2.5 Data Types and Type Annotations

Rust requires every variable to have a definite type, either inferred by the compiler or explicitly specified.

2.5.1 Basic Data Types

  • Integers: i8, i16, i32, i64, i128, isize (signed), and u8, u16, u32, u64, u128, usize (unsigned).
  • Floating-Point: f32, f64
  • Boolean: bool
  • Character: char (4 bytes, supports Unicode scalar values)

Integer and floating-point data types include their bit width in the type name, such as u8 for an 8-bit unsigned integer.
usize and isize scale with the target platform's pointer size (akin to size_t or ptrdiff_t in C/C++).
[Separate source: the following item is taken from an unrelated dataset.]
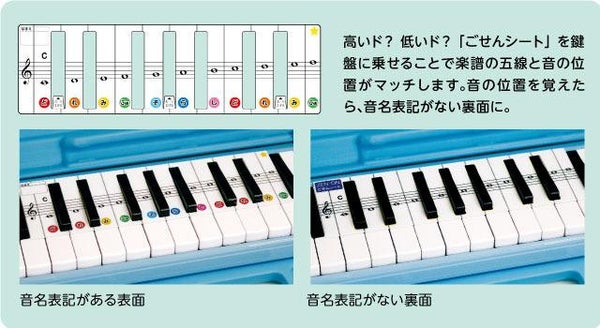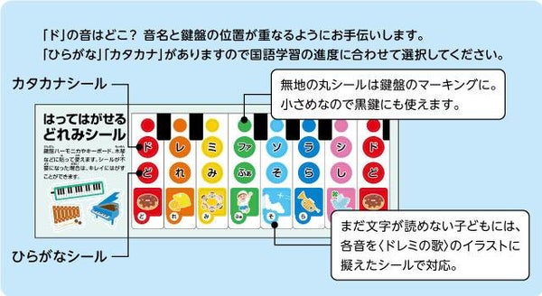 - 付属のどれみシールを使用して鍵盤に貼ることで、視覚的に音符を識別しやすくなり、初心者でも簡単に楽器に親しむことができます。

Rust's char is more akin to a Unicode code point than C's single-byte char.

2.5.2 Type Inference

Rust can infer types based on usage:

fn main() {
    let x = 42;   // i32 inferred
    let y = 3.14; // f64 inferred
    println!("x = {}, y = {}", x, y);
}

2.5.3 Explicit Type Annotation

When inference is unclear or you need a different default, specify the type:

fn main() {
    let x: u8 = 255;
    println!("x = {}", x);
}

2.5.4 Comparison with C

In C, int x = 42; typically yields a 32-bit integer, but the exact size can vary by platform. C99 introduced stdint.h for fixed-width types (e.g., int32_t), similar to Rust's explicit-width types.